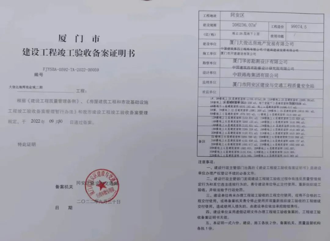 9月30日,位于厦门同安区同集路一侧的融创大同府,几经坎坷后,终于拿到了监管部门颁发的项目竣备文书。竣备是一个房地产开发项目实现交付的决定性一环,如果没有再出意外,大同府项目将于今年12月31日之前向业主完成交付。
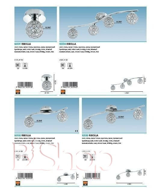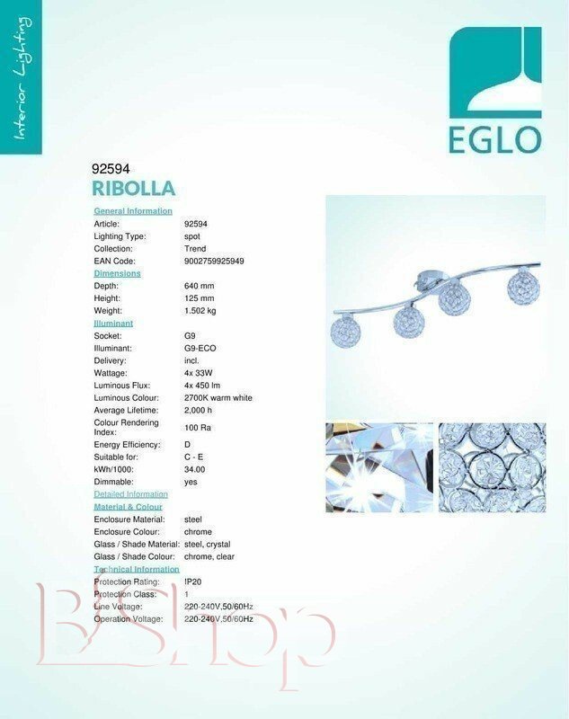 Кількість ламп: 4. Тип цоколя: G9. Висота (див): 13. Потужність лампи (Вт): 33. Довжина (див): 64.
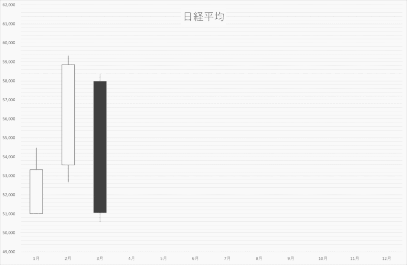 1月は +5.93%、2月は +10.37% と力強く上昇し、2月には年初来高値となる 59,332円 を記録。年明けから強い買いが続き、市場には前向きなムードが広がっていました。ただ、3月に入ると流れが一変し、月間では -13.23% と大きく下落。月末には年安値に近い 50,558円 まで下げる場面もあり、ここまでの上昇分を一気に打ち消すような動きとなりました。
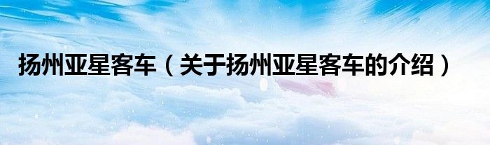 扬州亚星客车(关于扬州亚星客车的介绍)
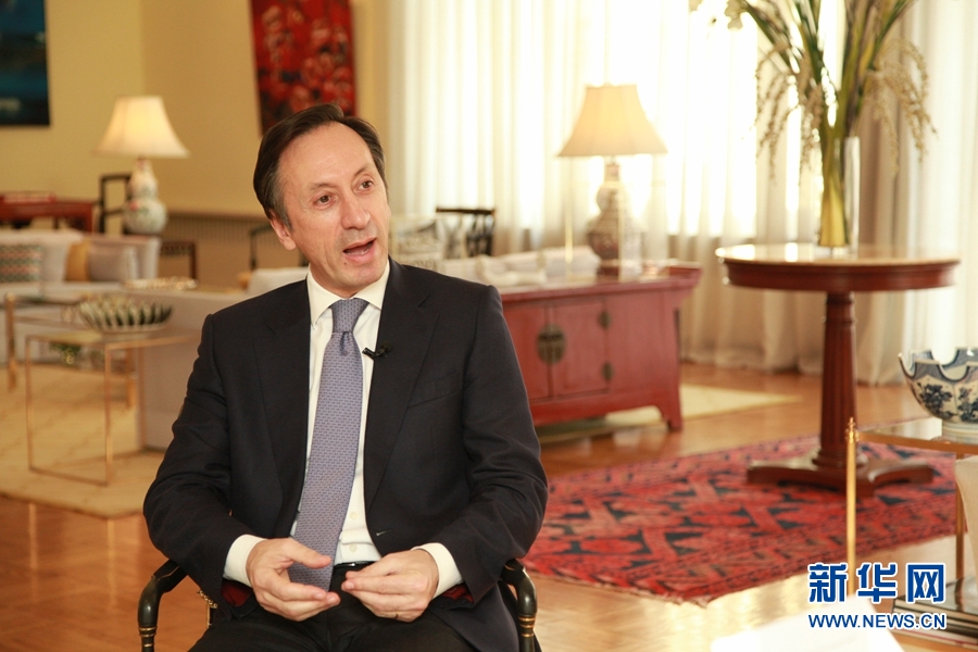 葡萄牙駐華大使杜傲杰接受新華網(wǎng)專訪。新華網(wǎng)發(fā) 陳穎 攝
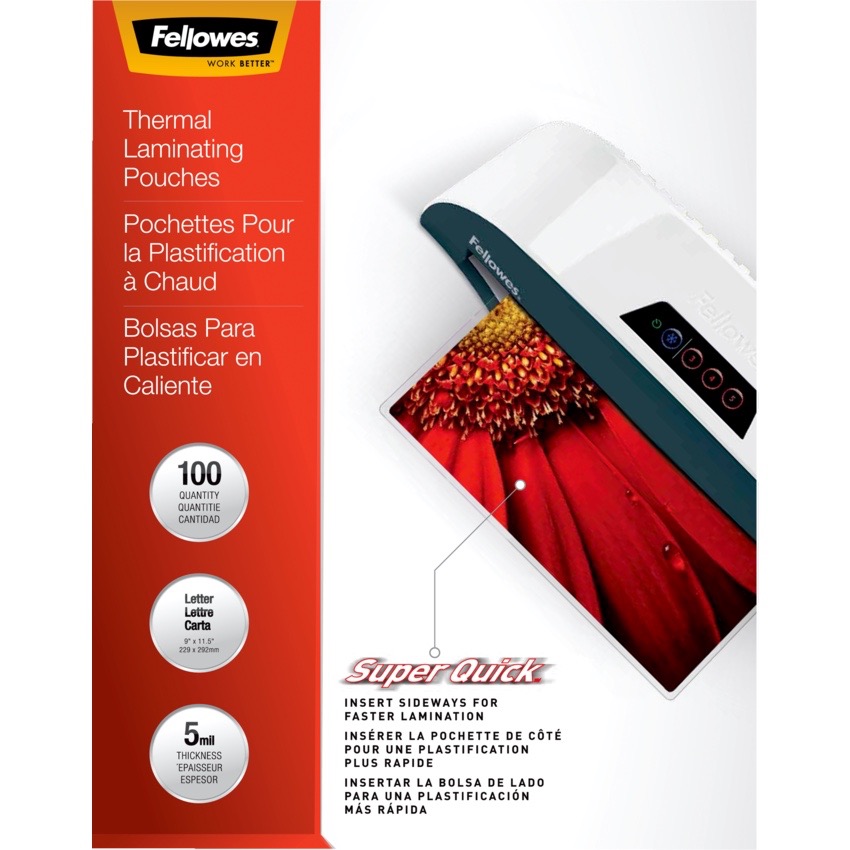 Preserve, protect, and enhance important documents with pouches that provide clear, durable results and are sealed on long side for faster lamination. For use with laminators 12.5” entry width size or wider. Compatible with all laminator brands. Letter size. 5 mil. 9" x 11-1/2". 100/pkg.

——————————

Retype all the entries word for word; the pictures stay out.

■ **REPLY TO THE EXERCISE**
 9月30日,位于厦门同安区同集路一侧的融创大同府,几经坎坷后,终于拿到了监管部门颁发的项目竣备文书。竣备是一个房地产开发项目实现交付的决定性一环,如果没有再出意外,大同府项目将于今年12月31日之前向业主完成交付。
 Кількість ламп: 4. Тип цоколя: G9. Висота (див): 13. Потужність лампи (Вт): 33. Довжина (див): 64.
 1月は +5.93%、2月は +10.37% と力強く上昇し、2月には年初来高値となる 59,332円 を記録。年明けから強い買いが続き、市場には前向きなムードが広がっていました。ただ、3月に入ると流れが一変し、月間では -13.23% と大きく下落。月末には年安値に近い 50,558円 まで下げる場面もあり、ここまでの上昇分を一気に打ち消すような動きとなりました。
 扬州亚星客车(关于扬州亚星客车的介绍)
 葡萄牙駐華大使杜傲杰接受新華網(wǎng)專訪。新華網(wǎng)發(fā) 陳穎 攝
 Preserve, protect, and enhance important documents with pouches that provide clear, durable results and are sealed on long side for faster lamination. For use with laminators 12.5” entry width size or wider. Compatible with all laminator brands. Letter size. 5 mil. 9" x 11-1/2". 100/pkg.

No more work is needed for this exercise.